» **Task goal**
What you return should be the exact lines from the one with "Far far away" to the end of the records below, both included, and no pictures.

:: Given records

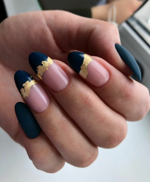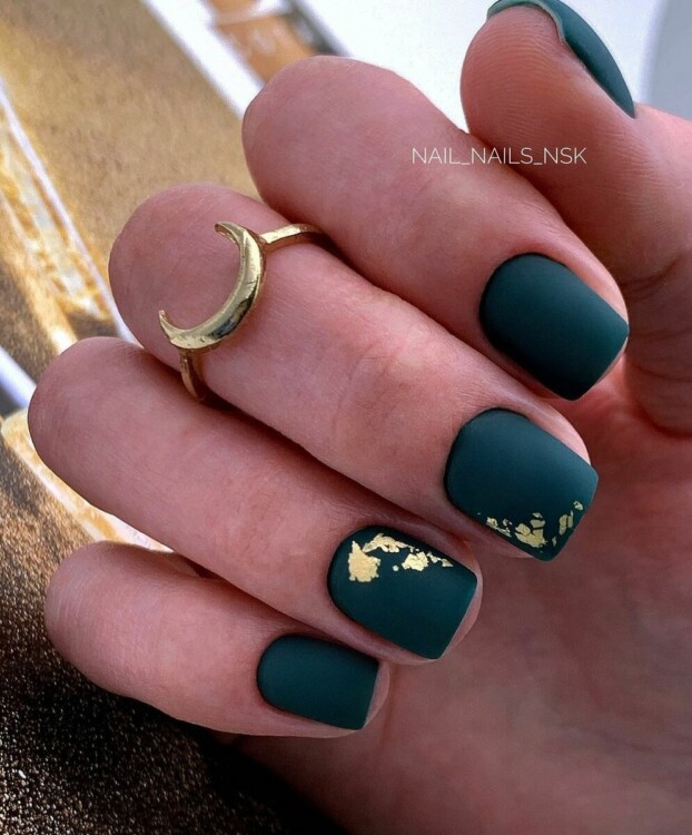 Смарагдовий лак може красуватися і на коротких нігтях. Щоб дизайн вийшов красивим і стильним, доповніть його матовим топом, а також золотою фольгою на декількох нігтиках.
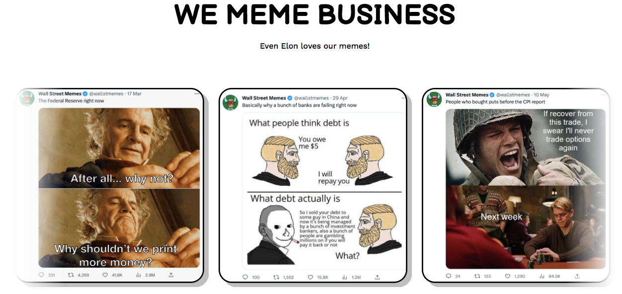 Unlike other new meme cryptos such as Pepe and Milady, Wall Street Memes is an established group with a community of over 1 million members. This group has existed since 2019 and has seen influential celebrities like Elon Musk interact with its social media pages.
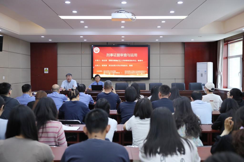 5月26日上午,tyc1286太阳成集团邀请邯郸市峰峰矿区人民检察公司党组书记、检察长,三级高级检察官赵志涛,以“刑事证据审查与运用”为题作学术报告。河北省人民检察院政治部干部教育培训处处长郎大强等领导出席,tyc1286太阳成集团经理胡海涛主持,60余名师生到场聆听。
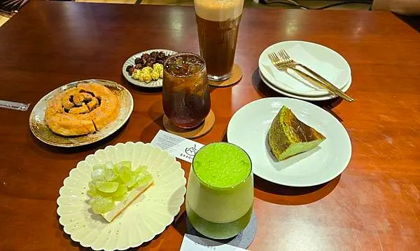 就在與老爺話家常時,桌上餐點一一出爐:西西里咖啡、小山園抹茶乳酪蛋糕、綠葡萄北海道生乳酪蛋糕、阿法其朵、小山園抹茶-甘蔗青嵐、玫瑰荔枝糖霜肉桂捲,等我們慢慢品嚐後,再與大家分享簡單的口感心得。
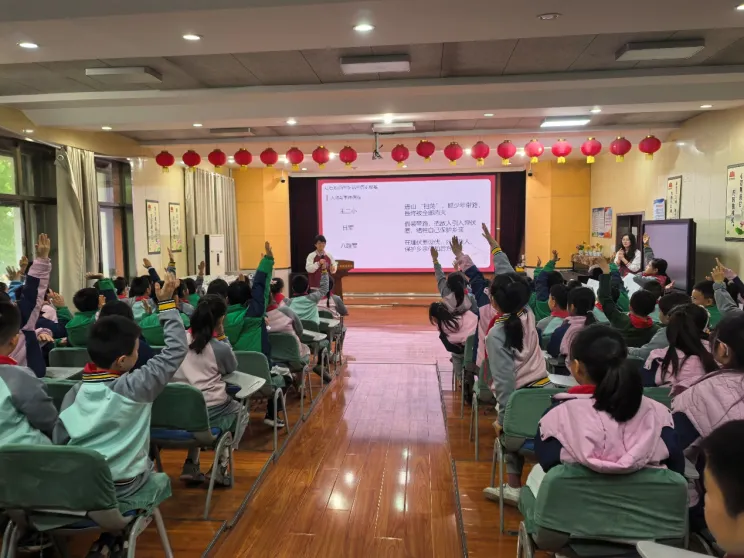 活动现场,文学院“秉烛班”学生代表带领站前路学校学生,围绕革命先烈刘胡兰的成长历程,开展互动式角色扮演游戏,学生们在情境中面临抉择,感受革命精神的力量。在红色知识连线、看图猜红色人物环节,学生们踊跃举手、积极抢答,现场氛围热烈。活动通过寓教于乐的方式,将红色文化融入互动体验,进一步增强了学生的民族认同感与爱国情怀。
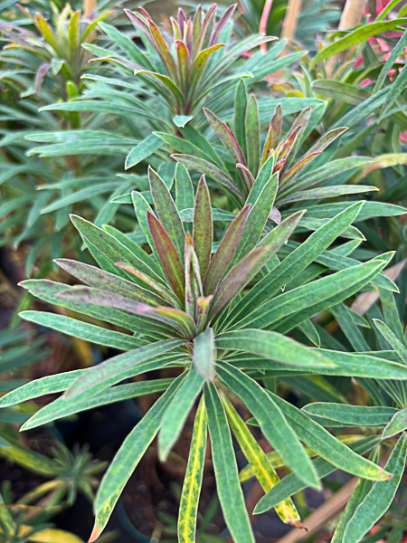 A sun loving shrubby plant upto ht 4ft. Huge cylindrical heads of golden flowers from late spring- summer. Purple tinged foliage. Reddish stems. Sun or part shade. Moist, but well drained soil.
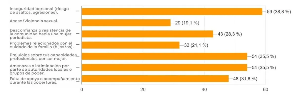 Al momento de realizar coberturas periodísticas, las encuestadas identificaron desafíos adicionales vinculados a su condición de mujeres. Entre los más mencionados se encuentran la inseguridad personal, como riesgos de asaltos y agresiones (38,8%); prejuicios sobre sus capacidades profesionales por ser mujer (35,5%), y amenazas o intimidación por parte autoridades locales o grupos de poder (35,5%).
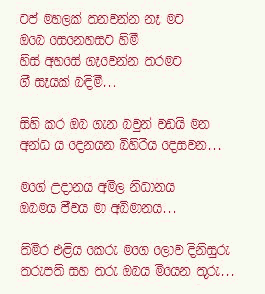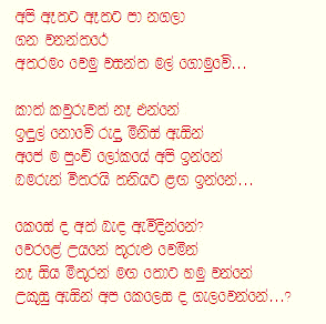 Far far away into the deep woods Just you and me, To get lost among the beautiful spring blossoms..... Where, there isn't a single soul to see us Unspoiled by human touch We'll be in a paradise of our own Only the bees will be there To chase the loneliness away..... How can we walk hand in hand? On the soft sand on the beach Or under the shade of garden trees Everywhere we turn Somebody is watching, like a spy How can we escape that evil eye.....? |
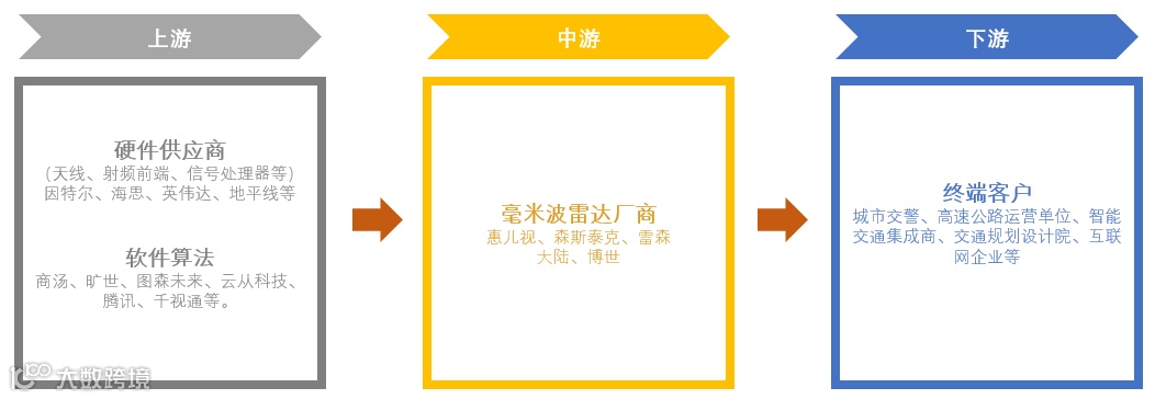 中游为毫米波雷达厂商,包括以雷森、慧尔视、森思泰克为代表的国内毫米波雷达厂商,以及大陆、博世等国外毫米波雷达厂商。
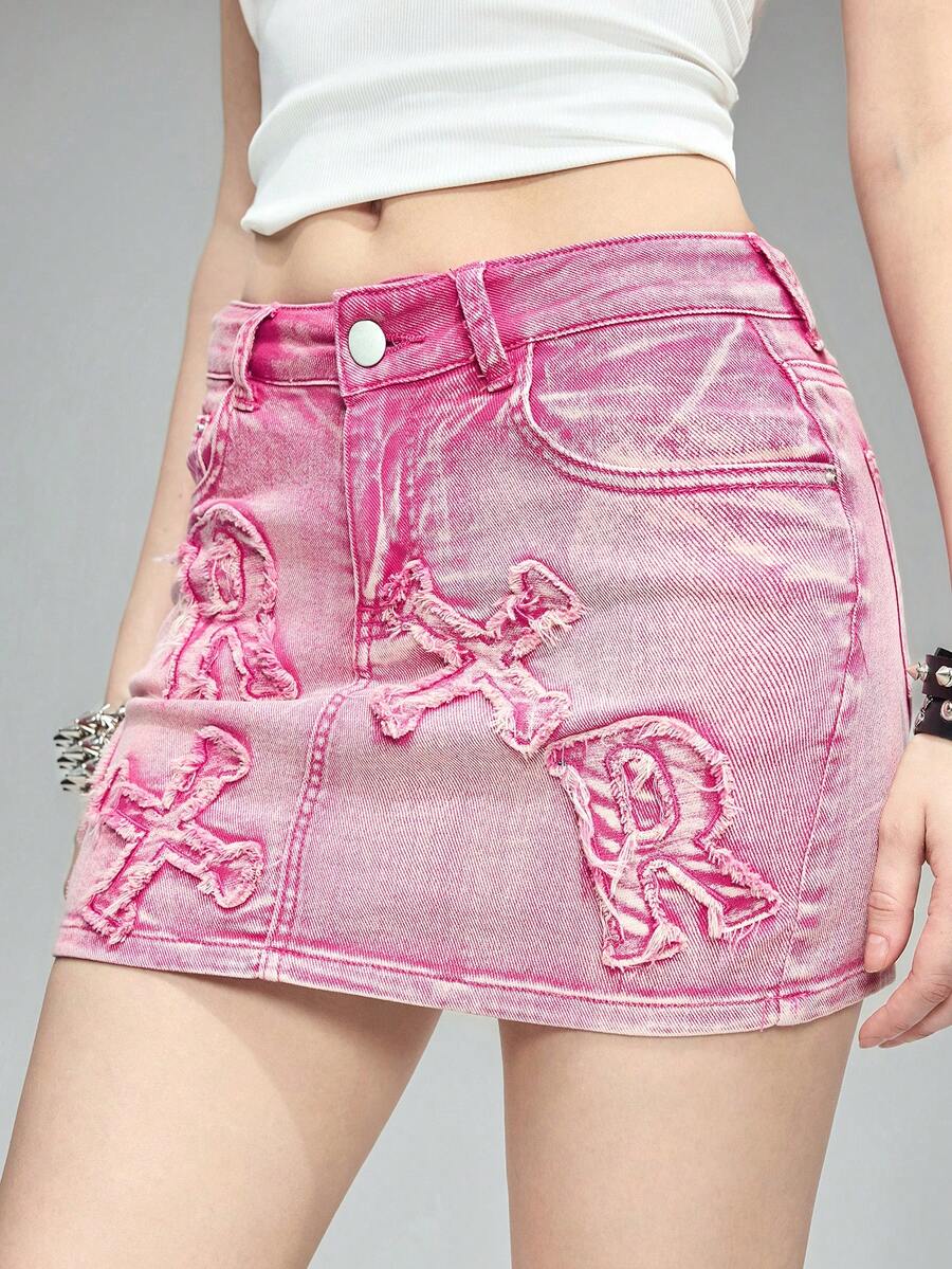 Damen Mini-Denim Rock mit Kreuz-Stickerei, ausgefranster Kante, elastischem Bund und gewaschener Denim-Optik, für den Sommer

::::

» **Your solution**
 Far far away into the deep woods Just you and me, To get lost among the beautiful spring blossoms..... Where, there isn't a single soul to see us Unspoiled by human touch We'll be in a paradise of our own Only the bees will be there To chase the loneliness away..... How can we walk hand in hand? On the soft sand on the beach Or under the shade of garden trees Everywhere we turn Somebody is watching, like a spy How can we escape that evil eye.....? |
 中游为毫米波雷达厂商,包括以雷森、慧尔视、森思泰克为代表的国内毫米波雷达厂商,以及大陆、博世等国外毫米波雷达厂商。
 Damen Mini-Denim Rock mit Kreuz-Stickerei, ausgefranster Kante, elastischem Bund und gewaschener Denim-Optik, für den Sommer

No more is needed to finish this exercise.